WHAT THE TASK REQUIRES:
Give again, word for word, the line holding "Vishal Prints Teal" and every line after it through the end of the data below. Omit pictures.

PROVIDED MATERIAL:
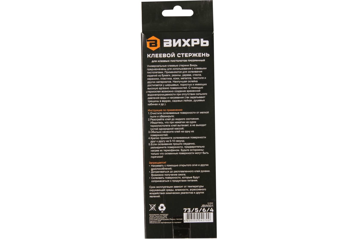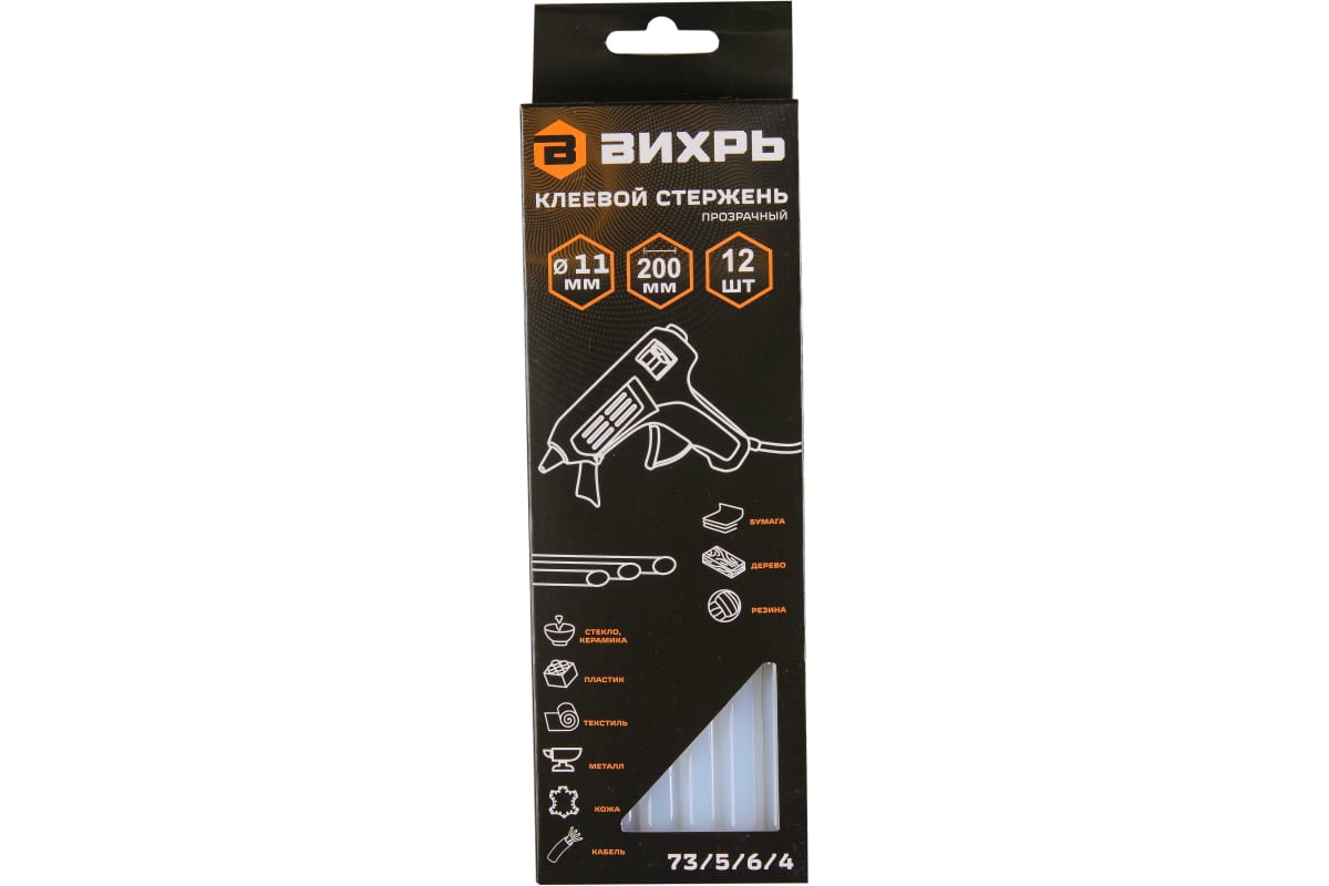 Стержень клеевой 11х200мм 12 шт Вихрь используется совместно с клеевыми пистолетами, является универсальным и применяется для склеивания изделий из дерева, металла, пластика, ткани, кожи, стекла, керамики, бумаги, картона, резины.
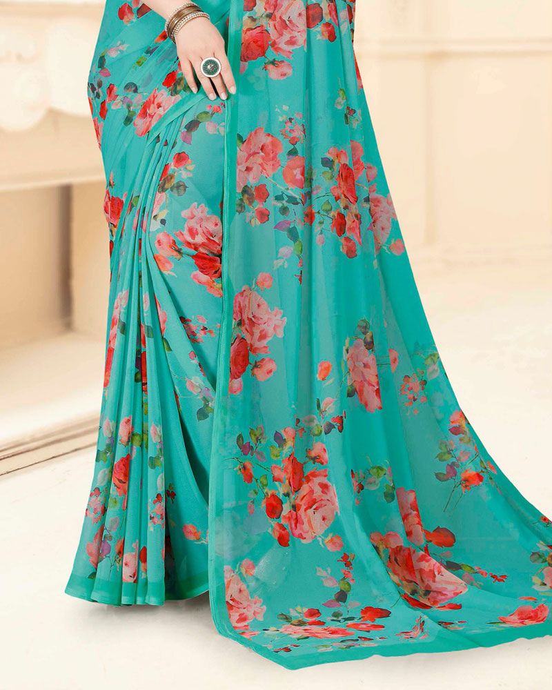 Vishal Prints Teal Green Digital Print Georgette Saree
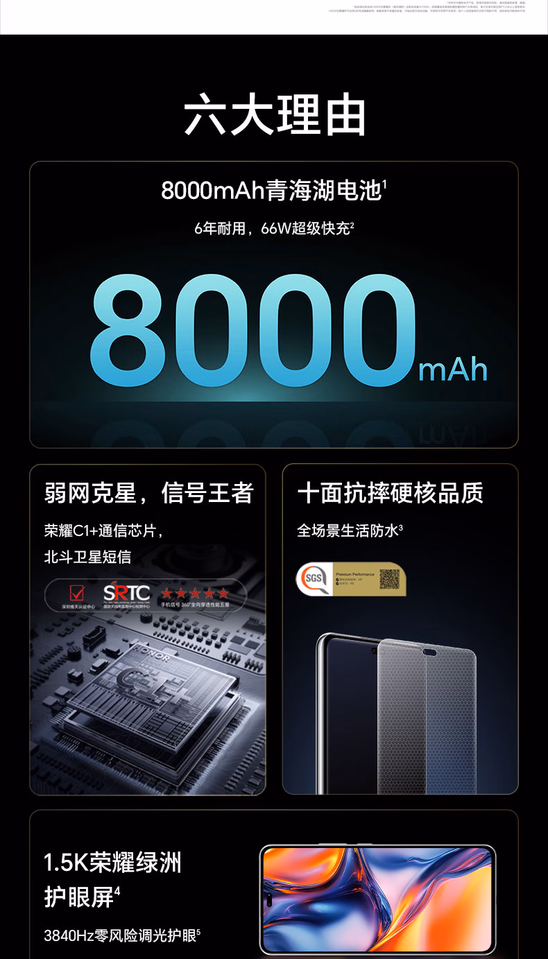 荣耀(HONOR)Power 8000mAh青海湖电池 自研C1+芯片 十面抗摔 AI 5G新款手机 幻夜黑 12GB+256GB

SOLUTION TO THIS TASK:
 Vishal Prints Teal Green Digital Print Georgette Saree
 荣耀(HONOR)Power 8000mAh青海湖电池 自研C1+芯片 十面抗摔 AI 5G新款手机 幻夜黑 12GB+256GB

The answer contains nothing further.